# Task item
With the pictures left out, copy the listing below exactly.

# Available data
=== Begin Enclosure ===
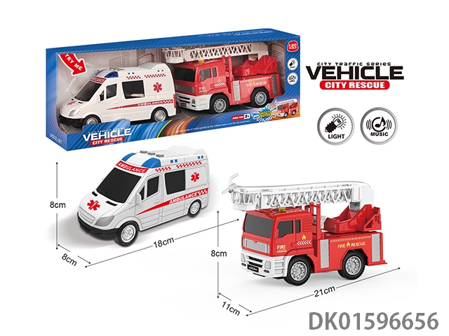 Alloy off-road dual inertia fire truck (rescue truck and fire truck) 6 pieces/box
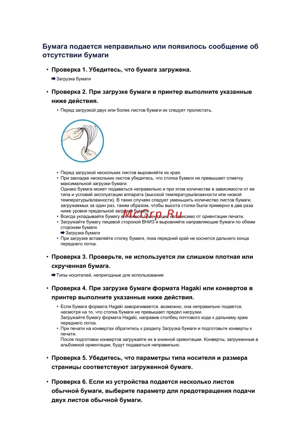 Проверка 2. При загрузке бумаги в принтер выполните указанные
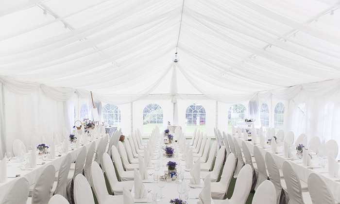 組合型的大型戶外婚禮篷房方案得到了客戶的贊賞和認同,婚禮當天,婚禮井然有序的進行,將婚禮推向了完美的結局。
=== End Enclosure ===
# Exercise output
 Alloy off-road dual inertia fire truck (rescue truck and fire truck) 6 pieces/box
 Проверка 2. При загрузке бумаги в принтер выполните указанные
 組合型的大型戶外婚禮篷房方案得到了客戶的贊賞和認同,婚禮當天,婚禮井然有序的進行,將婚禮推向了完美的結局。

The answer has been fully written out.